Kendilerine oy verenler, vermeyenler diye ayrım yapmadıklarını, 81 vilayete, 77 milyona ulaştıklarını vurgulayan Erdoğan, Türkiye'yi daha muhabbetle kucaklayacaklarını, 81 vilayete, 77 milyona daha çok hizmet götüreceklerini, 81 vilayetle yetinmeyeceklerini, nerede mazlum varsa ellerinden tutacaklarını, muhtaç varsa el uzatacaklarını bildirdi.
Erdoğan, İzmir'e ulaşırken Gazze'yi unutmayacaklarını, Manisa'ya ulaşırken Kerkük, Musul ve Türkmen'leri ihmal etmediklerini ve etmeyeceklerini ifade ederek, artık yeni bir Türkiye'nin doğduğunu, Türkiye'nin 9 Eylül 1922'de olduğu gibi ayaklarının üzerine doğrulduğunu, dünyaya "Ben de varım" dediğini belirtti.

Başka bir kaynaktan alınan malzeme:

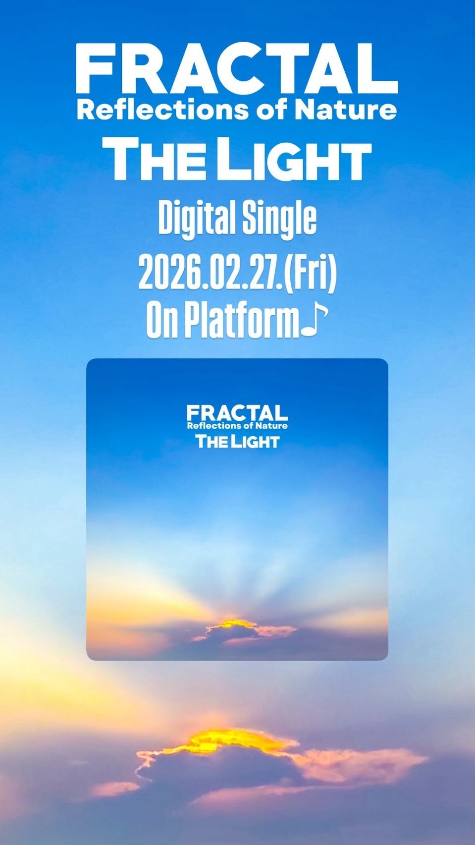 クラウドファンディング「XBS新章|EP『FRACTAL』制作プロジェクト」へのご支援、誠にありがとうございます。EP『FRACTAL Reflections of Nature』より、先行シングル 「The Light」 が2月27日 0:00よりデジタル配信スタートいたします。本楽曲は、“すべてはつながり、循環している”という『FRACTAL』の世界観を象徴する一曲です。これまでの経験や出会い、そして現在へと続く流れを音楽として形にした、今回のプロジェクトを語るうえでも重要な作品となっています。ぜひ配信開始とともに聴いていただき、感じたことをSNSなどでシェアしていただけましたら嬉しいです。⸻■ 配信プラットフォームhttps://linkco.re/etrHevYA⸻引き続き、EP『FRACTAL』完成に向けて制作は進んでいます。今後も最新情報を活動報告にてお届けしてまいりますので、どうぞよろしくお願いいたします。
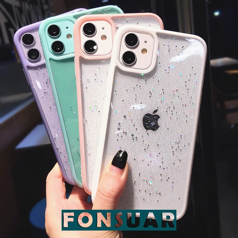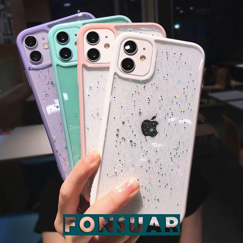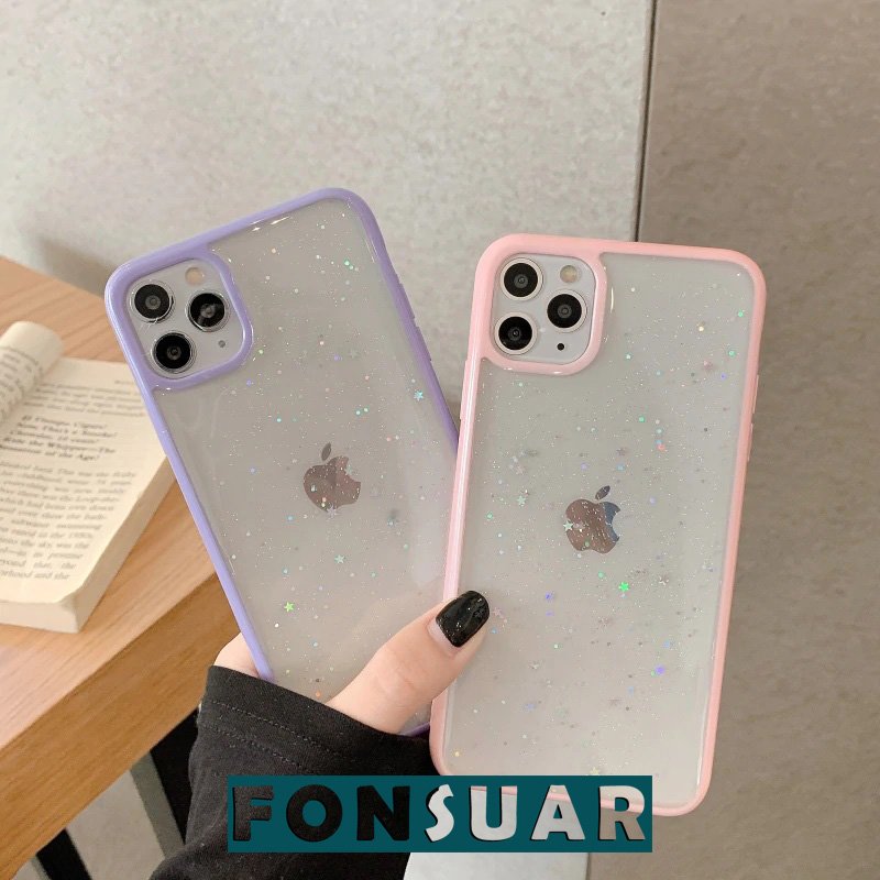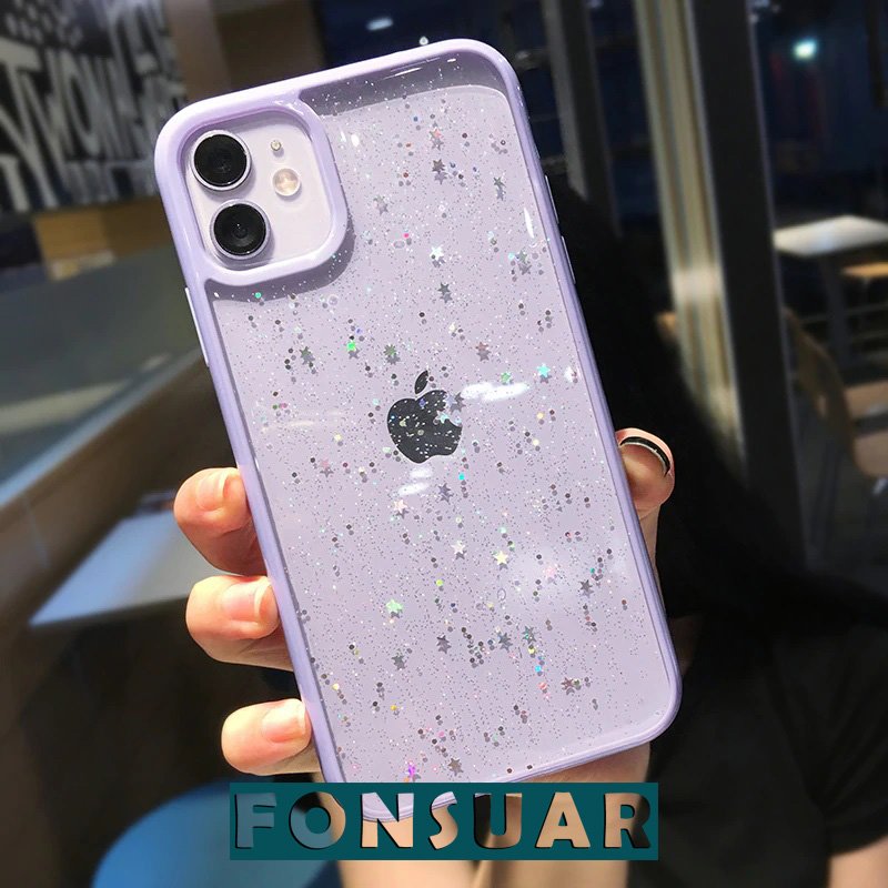 Parlak epoksi kaplı yıldız simli iphone kılıfı

Artık öncü, iddiaları ve hedefleri olan, özür dileyen değil, özür dileten, gündemi belirlenen değil, gündem belirleyen bir Türkiye olduğunu kaydeden Erdoğan, İzmir'in de bu vizyondan uzak kalmaması, yeni Türkiye kurulurken İzmir'in buna seyirci kalmaması temennisini dile getirdi.
"77 milyon bu yeni Türkiye ile hep birlikte gururlanalım" diyen Erdoğan, her başarının ortak başarı, her sevincin ortak sevinç olduğunu söyledi.